Thanks guys i appreciate the guidance and info. The ac load is 25amps single phase on inverter output and these new Lifep04 will be much more efficient than the 120ah deep cycle gel batteries so my thinking was to discharge only to 40% dod for the longevity of the battery bank as the client is paying R160k for the new batteries i have enough capacity to run down to 40% dod (24 batteries@120ah/battery) series/ parallel for 24v dc inverter input. I see on the existing installation there is 1x class T 300 fuse installed as primary disconnector on the positive side at the inverter or would it be better to put fuse protection between every bank and leave the class t fuse as main interrupter. I also see that this inverter can run at 200% 16kw if mains is present. There is also a ats changeover switch installed for a 30 kva diesel generator with one fase and neutral feeding the inverter. I was also thinking of using copper busbar with short leads to the battery terminals and get rid of the 16mm welding cable making the installation looking very untidy or am i overthinking the setup.

----------


## Justloadit

LiFePO4 have life cycles from 2,700 to over 10,000 cycles depending on conditions, so there is no advantage making the DOD at 40%.

----------


## Isetech

One of the common battery failures or reduction in cycles in SA, high temperature.

----------


## Isetech

> LiFePO4 have life cycles from 2,700 to over 10,000 cycles depending on conditions, so there is no advantage making the DOD at 40%.

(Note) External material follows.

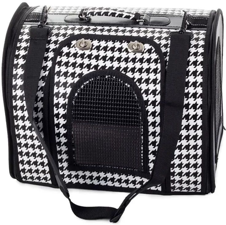 TORBA TRANSPORTOWA DLA PSA KOTA KRÓLIKA I MAŁYCH ZWIERZĄT DOMOWYCH ROZMIAR: 44cm x 25,5cm x 26cm. Czarna w kratkę Torba nosidło to wygodne i bezpieczne akcesorium do transportu małych zwierząt, idealne na krótkie podróże, wizyty u weterynarza, a także dłuższe wyjazdy. Torba jest wykonana z wytrzymałych materiałów, wyposażona w wentylowane panele. Wiele modeli posiada usztywnione dno oraz uchwyty i pasek na ramię, aby ułatwić właścicielowi transport. Cechy produktu Materiał wodoodporny Posiada 3 wejścia zamykane na zamek suwakowy (2 x boki, 1 x przód) Przód wejścia posiada dodatkowo metalowe zapięcie Posiada w środku karabińczyk do przypięcia obroży lub szelek Posiada wyjmowaną wkładkę, co umożliwia łatwe czyszczenie Mocny, obszyty materiałem uchwyt ułatwia noszenie torby w ręku Posiada mocny i regulowany pas na ramię Posiada skuteczny system wentylacji Nóżki na spodzie torby Elegancki i modny wygląd Idealna dla króliczków, fretek, świnek morskich, kotów i psów Kolor: czarna w kratkę Wymiary Długość: 44cm Wysokość: 26cm Szerokość: 25,5cm Wkładka: 40cm x 22,5cm Po złożeniu: 44,5cm x 44cm Wejście przód: 24,5cm x 20,5cm Zestaw zawiera: Fabrycznie nową torbę transportową Wyjmowaną wkładkę Regulowany pasek na ramię Do pobrania Instrukcja z informacją o bezpieczeństwie.

Not lower than 10 % and not higher than 90 charge is a good average ? I am told some batteries have built in 10 % compensation, so going from 100 % to 0 % is not an issue.

----------


## Isetech

If you are looking for a money saving solution, I would be using the batteries to the max. J

Something to note there is already talk of better battery technology in pipe line, would you need your batteries to last 10 years? 

This whole backup trend is going break people, especially the ones who are taking second bonds to pay off large installs over 25 year bond terms  :Frown:  

I have seen how some of these replacement batteries have cleaned out customer life savings. Repo rate expected to hit 6 % by the end of the year. Fuel price to go up over R3 next week and expected to hit R30 by the end of the year. Only the rich and smart are going to survive.

----------


## Justloadit

A good time to make the decision on Quality over Price!

----------